Beer and Hays, they point out, have been expanding and developing the Parks and Recreation Department’s social media presence for over a year, long before anyone foresaw a citywide closure of parks. In establishing the Facebook page and Instagram pages, the goal was to create engaging ways to share the message that there is plenty to do, see and participate in throughout the city of Petaluma.

“We’ve been working hard, long before this pandemic came around,” notes Beer. “The Facebook and Instagram pages have built a pretty huge following. So once the lockdowns began, we thought it would be a great way to reach out to Petalumans and keep that engagement happening.”

Hays came up with the hashtag “PetalumaPlays@Home,” which the city has been using to organize and track various posts form the Parks and Recreation Department.

“At 8 a.m., every day, we do a post on the pages,” says Hays, “where we engage the community in some way, asking them to participate in some new challenge, a craft to create at home, or post something of their own, or follow a recipe, and things like that.” One of those “engagements” is the Petaluma Landmark Challenge, in which a distorted image is posted of some famous Petaluma building or installation - the Mystic Theatre, the Historical Museum, one of the local feed mills - and then community members are challenged to guess what those landmarks are. “We’re always looking for new ideas,” adds Hays.

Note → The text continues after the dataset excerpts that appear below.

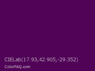 CIELab 17.93,42.905,-29.352 Color is a very dark magenta color and the nearest color is Clairvoyant #480656. Hex code #510357 and RGB value is rgb(81,3,87). In RGB color space, this color is composed of 32% red, 1% green, 34% blue, In CMYK color space, this color is composed of 7% cyan, 97% magenta, 0% yellow , 66% black , In HSL color space, this color has a hue angle of 296° , 93% saturation and 18% lightness.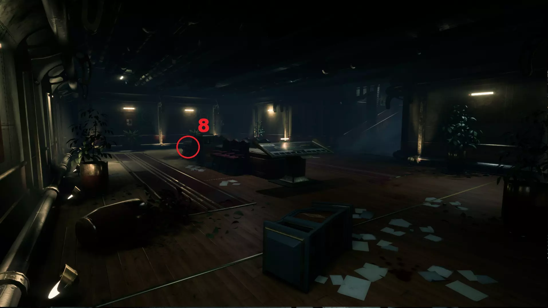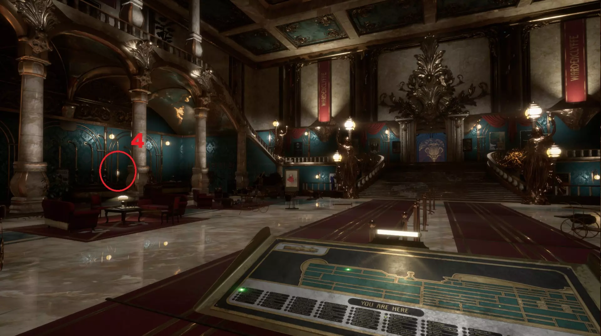蓝图收集者 找到第四章中的所有可收集物品。 大厅里的气动邮件装置位于前台右侧。
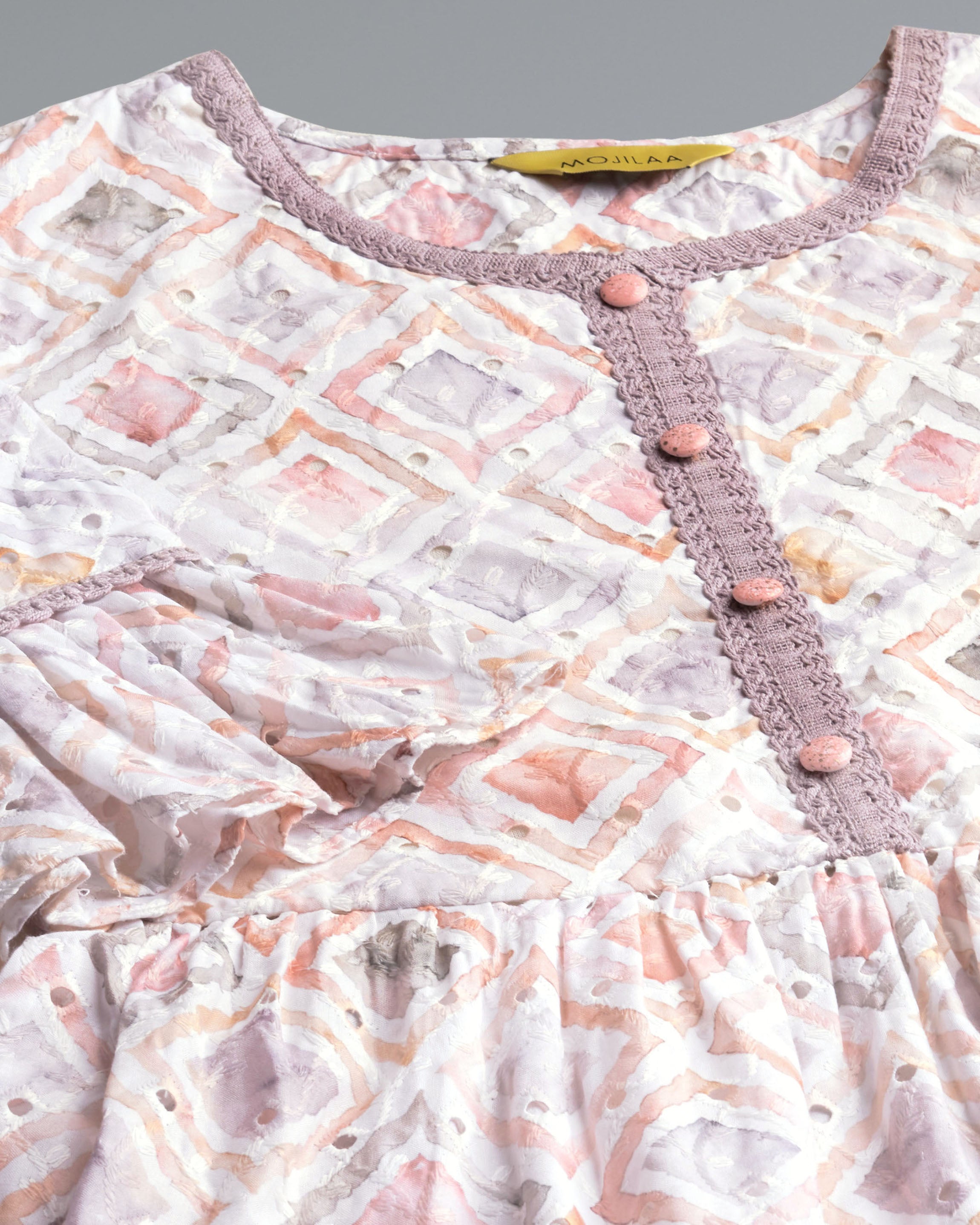 Her Couture Women's Mauve Pure Cotton Blend Abstract Printed Bored Schiffli Embroidered Peplum Top

According to Hays, he and Beers have been scouring other Parks and Recreation resources looking for fresh content for the virtual recreation center.

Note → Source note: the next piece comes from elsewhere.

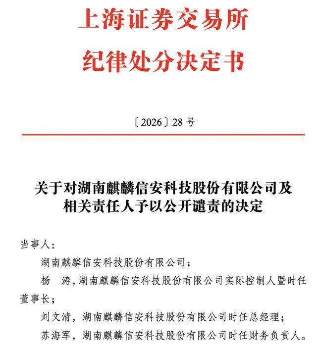 综上,上交所作出纪律处分决定:对湖南麒麟信安科技股份有限公司、杨涛、刘文清、苏海军予以公开谴责。

“There are a lot of great ideas out there,” he says. “Coming up with ideas for outdoor activities is a challenge, of course, with the shelter-in-place happening, but there are still a lot of great ways to stay physically active, either in your yard or immediate neighborhood, all while adhering to the physical distancing protocols.”

There is, Beer allows, a link to a page listing a slew of chalk-on-the-sidewalk games to play, including newer things and older staples like Hopscotch.

“I was looking at links for hopscotch,” Beer says, “and at first I thought about not including those, because so many kids today are not used to things like that, since they do so much indoor technology. But their parents, we decided, might actually want some of these ideas now, these old-school games like hopscotch and other things.”

Maybe a whole new generation of kids will discover hopscotch as a result of the pandemic.

“We’ve found all kinds of things out there, on different sites,” Beer says. “’Ten different ways to play with dice,’ all kinds of things you wouldn’t expect. People really are looking for new ideas of things to do with their kids at home, or really close to home, and sometimes the best new ideas are actually old ideas.”

Hays points out that all of the activities on the city’s Virtual Recreation Center are free.

“There are a lot of recreation businesses in town who are doing classes and things for a fee, which is really important, to keep those business going,” he says. “So we have a list of some of those too. But all of the things on our own lists are free activities.”

Since no one knows how long the parks will remain closed, Hays wants the community to know that the online resources he and Beer are managing will be constantly updated and improved as they find new content.

“A big part of this Virtual Recreation Center is that we are always looking for new things to add to it,” he says. “If somebody in the community has an idea of something they want to do online or something they’ve heard about, please run it by us, and maybe we can add that to the page. We are all ears. We’re all in this together, we really are, and we want to share all the resources and inventive ideas our community has during this crazy time.”